Joe Reilly (Work Log)

From edegan.com
Revision as of 18:43, 2 August 2017 by Jreilly (talk | contribs)
Jump to navigation Jump to search

Joe Reilly Work Logs (log page)

2017-06-20: Joined the center! Wrote my page. Started on Collecting SBIR Data. Finished collecting SBIR Data; saved in bulk(D:)--> McNair-->Projects-->SBIR. Began researching VC funds in the file Venture Funds in E:\McNair\Projects\Houston\VCData

2017-06-21: Continued researching VC funds in the file Venture Funds in E:\McNair\Projects\Houston\VCData.

2017-06-22: Finished researching VC funds in the file Venture Funds in E:\McNair\Projects\Houston\VCData. Began grouping.

2017-06-23: Finished grouping VC funds in the file Venture Funds in E:\McNair\Projects\Houston\VCData. Researched whether based in Houston, and whether they should be considered alive.

2017-06-27: Sorted VC funds in E:\McNair\Projects\Houston\VCData; deleted non-operating ones; finalized groups. Began researching the relative size of different sectors in Houston's economy. Work saved in E:\McNair\Projects\Houston\Industries.

2017-06-28: Began adding cohorts to each new accelerator in E:\McNair\Projects\Accelerators, saving each accelerator's cohort in E:\McNair\Projects\Accelerators\Data as (acceleratorname).cohort, as a text file.

2017-06-29: Continued adding cohorts to each new accelerator in E:\McNair\Projects\Accelerators, saving each accelerator's cohort in E:\McNair\Projects\Accelerators\Data as (acceleratorname).cohort, as a text file. Searched through documents in E:\McNair\Projects\SimplerPatentData\data\extracts\applications, in the modern and vintage folders, for examples of patents of the following type: utility, plant, reissue, and design, in versions 1.5, 1.6, 4.0, 4.1, 4.2, 4.3, 4.4, and 4.5. Placed examples in the folder E:\McNair\Projects\SimplerPatentData\data\examples. As mentioned in the wiki page (and all but confirmed with regex searches of hundreds of the patent documents), we appear only to have data on utility patents, except for a few plant patents.

2017-06-30: Continued adding cohorts to each new accelerator in E:\McNair\Projects\Accelerators, saving each accelerator's cohort in E:\McNair\Projects\Accelerators\Data as (acceleratorname).cohort, either as an excel file or a text file. Added addresses to companies in E:\McNair\Projects\Houston\VCData.


2017-07-11: Continued adding addresses to companies in Venture Funds in E:\McNair\Projects\Houston\VCData. Note: The file "VC Data" is now called "Venture Funds".

2017-07-12: Added addresses/PO box locations to Venture Funds in E:\McNair\Projects\Houston\VCData to remaining VC firms. Organized list. Began organizing cohort data collected on 6/30 w/ regex to streamline searching and gathering of cohort names themselves.

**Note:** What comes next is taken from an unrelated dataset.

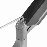 Gasfjederen balancerer skærmenes vægt og muliggør glidende højde-, vippe- og afstandsjustering med én hånd.
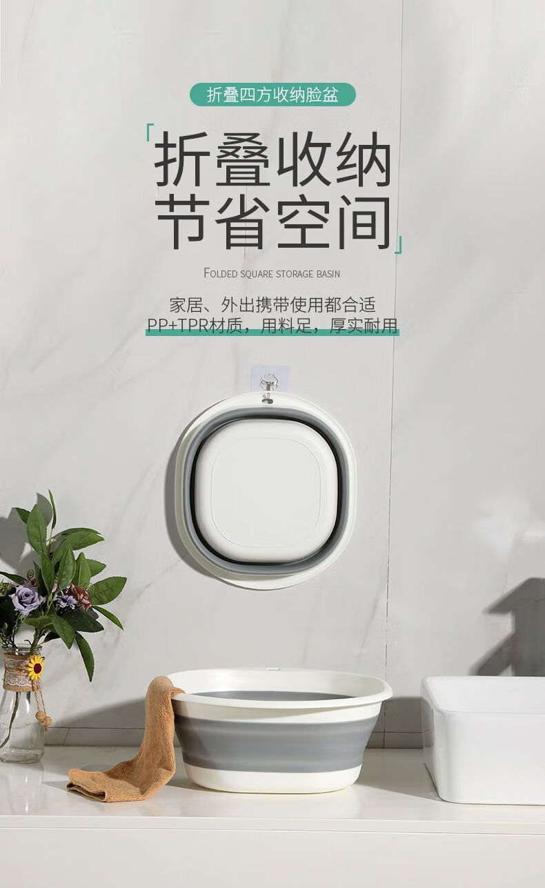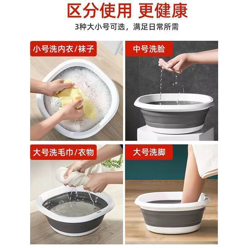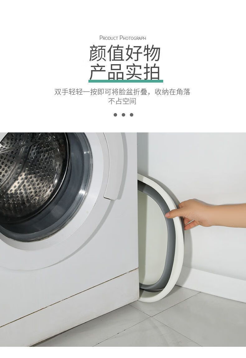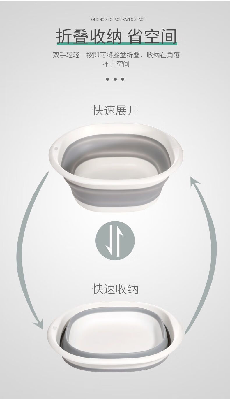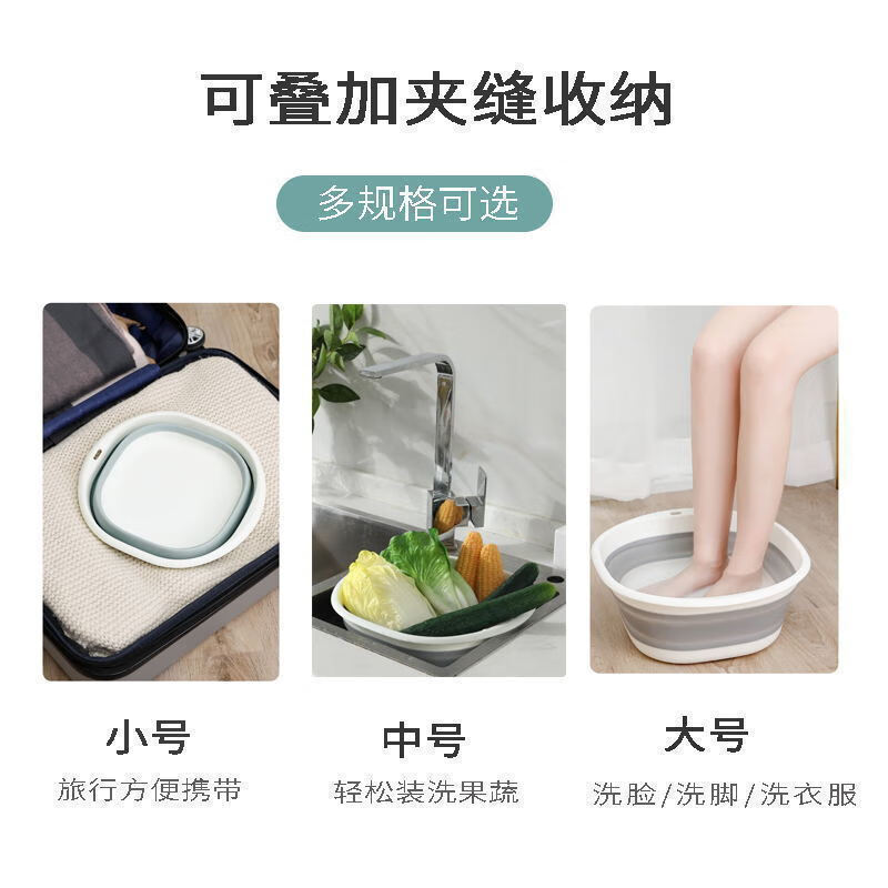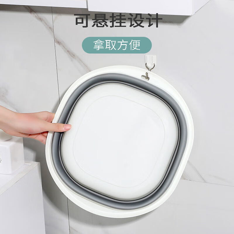 可折叠洗脸盆学生宿舍便携式户外旅行家用塑料折叠式洗菜洗衣盆子 灰白色大号折叠盆

Compiled addresses, along with other categorized info, in an excel file called "VC firms with address, basic sector info", saved in E:\McNair\Projects\Houston\VCData. For each cohort in E:\McNair\Projects\Accelerators\Accelerator Match, added headers to the tabbed name, founder, description, etc. Continued searching for addresses of the firms with no addresses listed in "VC firms with address, basic sector info". Double-checked addresses.

Note: The Houston VC data write up is on Houston_Entrepreneurship_Ecosystem_Project#VC_Funds_in_Houston

2017-07-13: Helped Diana with researching proportion of Houston's city budget allocated towards startup funding/entrepreneurship (apparently none...). Gathered info on IT and Procurement sections of Budget. Researched proportion of Houston budget allocated towards IT and Procurement. Excel and text files saved in E:\McNair\Projects\Houston\Budget. Continued researching relative sizes of industries in Houston, gathered relevant info and links in "Industry breakdown..." in E:\McNair\Projects\Houston\Industries.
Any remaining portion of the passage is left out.